*** Opening MATERIAL PROVIDED ***

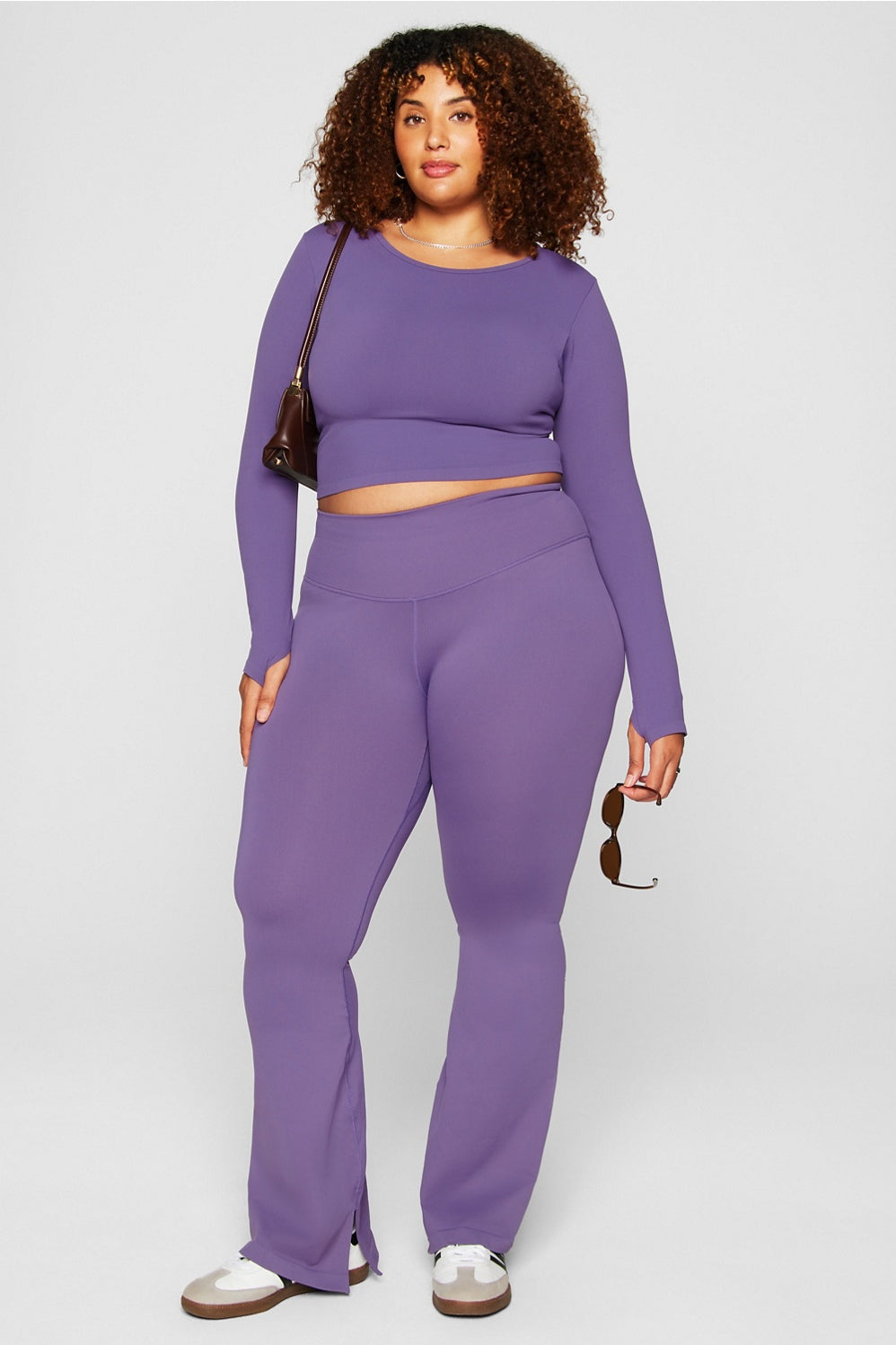 Get SNATCHED with Sleek Seamless. Smooth with a firm, flexible hold, these high-waisted pants are a dream. Max-compression waistline keeps you shaped and smooth, while the ribbed texture defines and enhances your booty, leading to a split-flared hem.
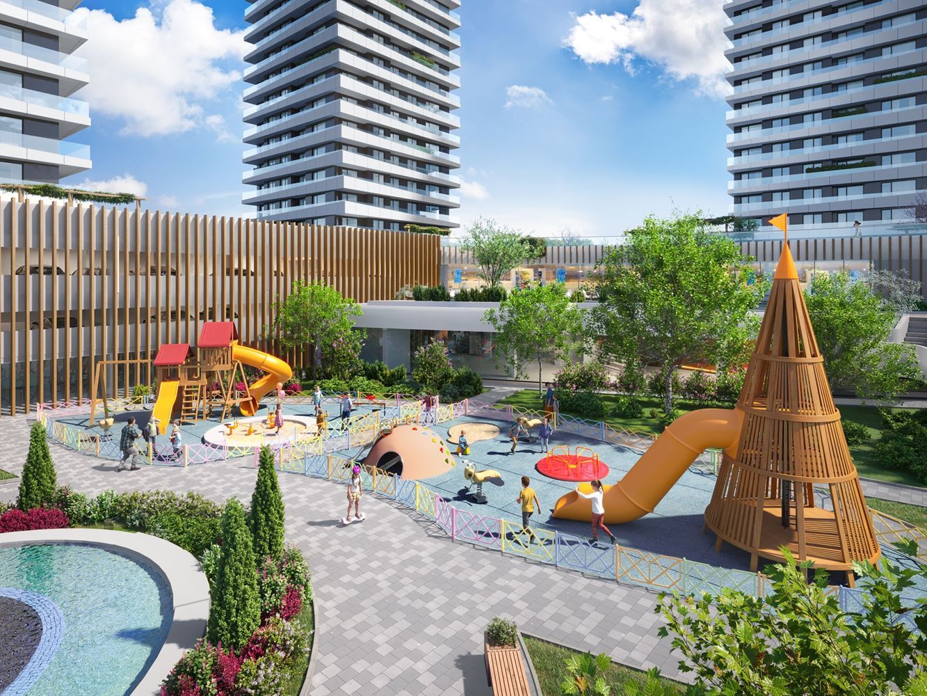 Для удобства жителей комплекс предлагает гипермаркет площадью 3500 м², современные офисные и торговые помещения, а также зоны для спорта и отдыха. Особое внимание уделено семьям – предусмотрены детские площадки, зоны для домашних животных и безопасные игровые пространства, обеспечивающие безопасную и дружелюбную среду.
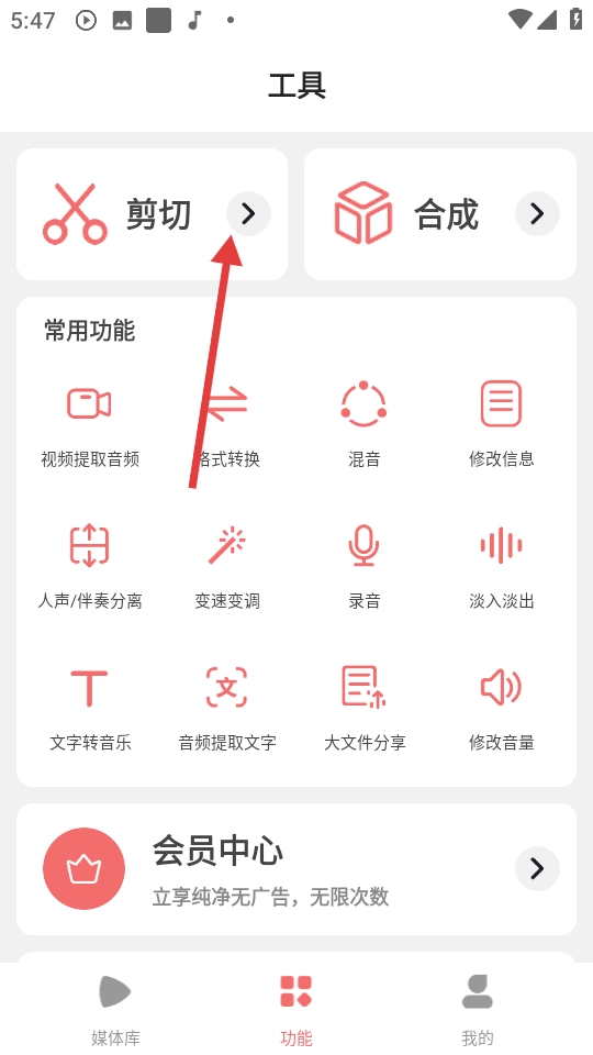 在工具界面中,点击【剪切】按钮即可进入音频剪切功能板块。
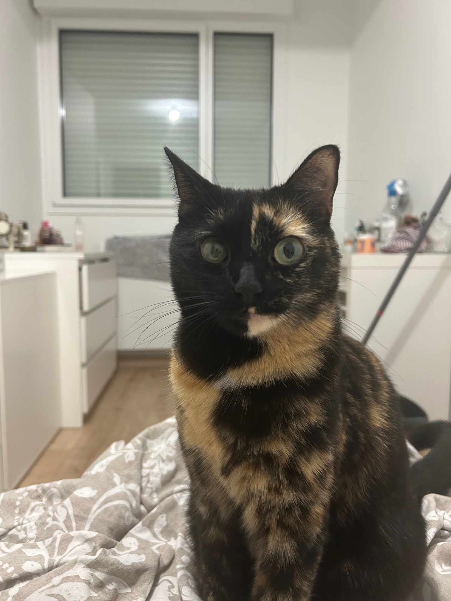 Très jolie frimousse, très peureuse (au début), très câline après, Sheba n’aime pas rester dans un coin seule.

*** Closing MATERIAL PROVIDED ***

→ **DESCRIPTION OF THE TASK**
Take the lines from the one that contains "在工具界面中,点击【剪切】按钮即可进入音频剪切功能板块。" through the last line of the material above and reproduce them exactly, leaving out any pictures.

→ **SOLUTION**
 在工具界面中,点击【剪切】按钮即可进入音频剪切功能板块。
 Très jolie frimousse, très peureuse (au début), très câline après, Sheba n’aime pas rester dans un coin seule.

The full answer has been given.